On 2019-09-11 13:20, webmaster@zedlx.com wrote:
> 
> Quoting "Austin S. Hemmelgarn" <ahferroin7@gmail.com>:
> 
>> On 2019-09-10 19:32, webmaster@zedlx.com wrote:
>>>
>>> Quoting "Austin S. Hemmelgarn" <ahferroin7@gmail.com>:
>>>
> 
>>>
>>> === I CHALLENGE you and anyone else on this mailing list: ===
>>>
>>>  - Show me an exaple where splitting an extent requires unsharing, 
>>> and this split is needed to defrag.
>>>
>>> Make it clear, write it yourself, I don't want any machine-made outputs.
>>>
>> Start with the above comment about all writes unsharing the region 
>> being written to.
>>
>> Now, extrapolating from there:
>>
>> Assume you have two files, A and B, each consisting of 64 filesystem 
>> blocks in single shared extent.  Now assume somebody writes a few 
>> bytes to the middle of file B, right around the boundary between 
>> blocks 31 and 32, and that you get similar writes to file A straddling 
>> blocks 14-15 and 47-48.
>>
>> After all of that, file A will be 5 extents:
>>
>> * A reflink to blocks 0-13 of the original extent.
>> * A single isolated extent consisting of the new blocks 14-15
>> * A reflink to blocks 16-46 of the original extent.
>> * A single isolated extent consisting of the new blocks 47-48
>> * A reflink to blocks 49-63 of the original extent.
>>
>> And file B will be 3 extents:
>>
>> * A reflink to blocks 0-30 of the original extent.
>> * A single isolated extent consisting of the new blocks 31-32.
>> * A reflink to blocks 32-63 of the original extent.
>>
>> Note that there are a total of four contiguous sequences of blocks 
>> that are common between both files:
>>
>> * 0-13
>> * 16-30
>> * 32-46
>> * 49-63
>>
>> There is no way to completely defragment either file without splitting 
>> the original extent (which is still there, just not fully referenced 
>> by either file) unless you rewrite the whole file to a new single 
>> extent (which would, of course, completely unshare the whole file).  
>> In fact, if you want to ensure that those shared regions stay 
>> reflinked, there's no way to defragment either file without 
>> _increasing_ the number of extents in that file (either file would 
>> need 7 extents to properly share only those 4 regions), and even then 
>> only one of the files could be fully defragmented.
>>
>> Such a situation generally won't happen if you're just dealing with 
>> read-only snapshots, but is not unusual when dealing with regular 
>> files that are reflinked (which is not an uncommon situation on some 
>> systems, as a lot of people have `cp` aliased to reflink things 
>> whenever possible).
> 
> Well, thank you very much for writing this example.

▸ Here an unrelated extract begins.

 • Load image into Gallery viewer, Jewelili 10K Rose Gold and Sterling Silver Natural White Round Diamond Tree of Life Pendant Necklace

Your example is 
> certainly not minimal, as it seems to me that one write to the file A 
> and one write to file B would be sufficient to prove your point, so 
> there we have one extra write in the example, but that's OK.
> 
> Your example proves that I was wrong. I admit: it is impossible to 
> perfectly defrag one subvolume (in the way I imagined it should be done).
> Why? Because, as in your example, there can be files within a SINGLE 
> subvolume which share their extents with each other. I didn't consider 
> such a case.
> 
> On the other hand, I judge this issue to be mostly irrelevant. Why? 

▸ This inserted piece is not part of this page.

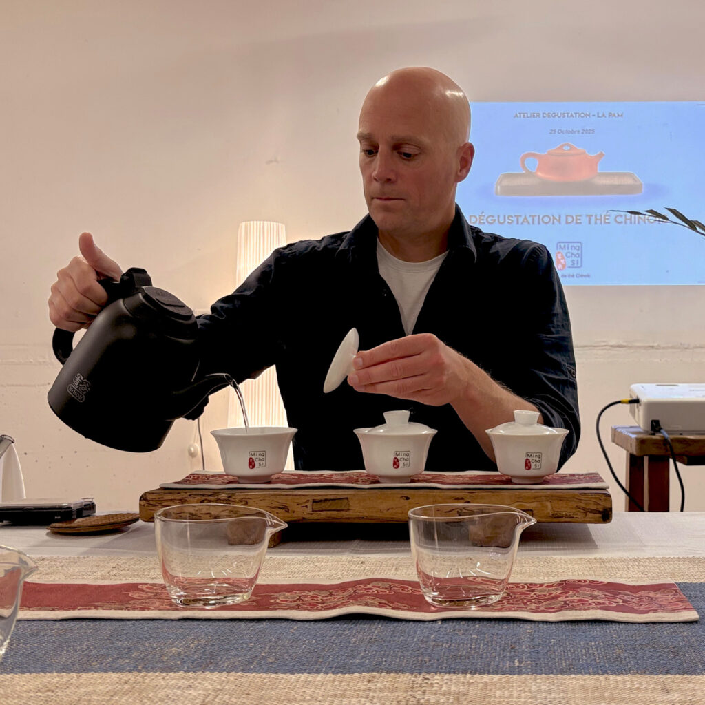 En 2022, après un temps d’adaptation à leur nouvelle vie, les choses deviennent plus claires. Saichun crée Ming Cha Si, son espace dédié au thé chinois pour les Français. Son projet s’articule entre ateliers de dégustation et évènements autour du thé chinois.

> Because most of the file sharing will be between subvolumes, not within 
> a subvolume.
Not necessarily. Even ignoring the case of data deduplication (which 
needs to be considered if you care at all about enterprise usage, and is 
part of the whole point of using a CoW filesystem), there are existing 
applications that actively use reflinks, either directly or indirectly 
(via things like the `copy_file_range` system call), and the number of 
such applications is growing.

> When a user creates a reflink to a file in the same 
> subvolume, he is willingly denying himself the assurance of a perfect 
> defrag. Because, as your example proves, if there are a few writes to 
> BOTH files, it gets impossible to defrag perfectly. So, if the user 
> creates such reflinks, it's his own whish and his own fault.

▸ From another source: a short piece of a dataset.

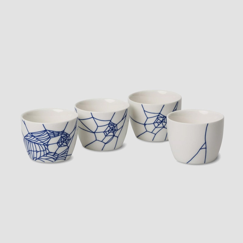The Theory and Practice Soba Cup Set is composed of four porcelain cups, each featuring a graphic print. A Script Logo appears at the base.

The same argument can be made about snapshots.  It's an invalid argument 
in both cases though because it's not always the user who's creating the 
reflinks or snapshots.
> 
> Such situations will occur only in some specific circumstances:
> a) when the user is reflinking manually
> b) when a file is copied from one subvolume into a different file in a 
> different subvolume.
> 
> The situation a) is unusual in normal use of the filesystem. Even when 
> it occurs, it is the explicit command given by the user, so he should be 
> willing to accept all the consequences, even the bad ones like imperfect 
> defrag.
> 
> The situation b) is possible, but as far as I know copies are currently 
> not done that way in btrfs. There should probably be the option to 
> reflink-copy files fron another subvolume, that would be good.
> 
> But anyway, it doesn't matter. Because most of the sharing will be 
> between subvolumes, not within subvolume. So, if there is some 
> in-subvolume sharing, the defrag wont be 100% perfect, that a minor 
> point. Unimportant.
You're focusing too much on your own use case here.  Not everybody uses 
snapshots, and there are many people who are using reflinks very 
actively within subvolumes, either for deduplication or because it saves 
time and space when dealing with multiple copies of mostly identical 
tress of files.
> 
>>> About merging extents: a defrag should merge extents ONLY when both 
>>> extents are shared by the same files (and when those extents are 
>>> neighbours in both files). In other words, defrag should always merge 
>>> without unsharing. Let's call that operation "fusing extents", so 
>>> that there are no more misunderstandings.
> 
>> And I reiterate: defrag only operates on the file it's passed in.  It 
>> needs to for efficiency reasons (we had a reflink aware defrag for a 
>> while a few years back, it got removed because performance limitations 
>> meant it was unusable in the cases where you actually needed it). 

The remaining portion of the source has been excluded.